§ EXERCISE DIRECTIONS
Set down, character for character, everything in the records below from the line holding "Devils Bath shows" down to the line holding "The screen is", and no other line.

§ GIVEN RECORDS
▽

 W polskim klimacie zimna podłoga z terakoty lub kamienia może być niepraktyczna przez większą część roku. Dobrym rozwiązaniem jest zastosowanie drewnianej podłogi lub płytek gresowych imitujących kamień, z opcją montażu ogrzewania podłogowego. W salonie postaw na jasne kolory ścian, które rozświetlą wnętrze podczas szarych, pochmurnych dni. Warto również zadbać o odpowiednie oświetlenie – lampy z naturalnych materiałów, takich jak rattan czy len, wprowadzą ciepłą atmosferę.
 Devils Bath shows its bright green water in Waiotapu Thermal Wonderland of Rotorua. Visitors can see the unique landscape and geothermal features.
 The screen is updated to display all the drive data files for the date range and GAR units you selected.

△
▽

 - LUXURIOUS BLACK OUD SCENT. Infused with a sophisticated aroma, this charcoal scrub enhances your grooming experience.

△

§ OUTPUT BELOW
 Devils Bath shows its bright green water in Waiotapu Thermal Wonderland of Rotorua. Visitors can see the unique landscape and geothermal features.
 The screen is updated to display all the drive data files for the date range and GAR units you selected.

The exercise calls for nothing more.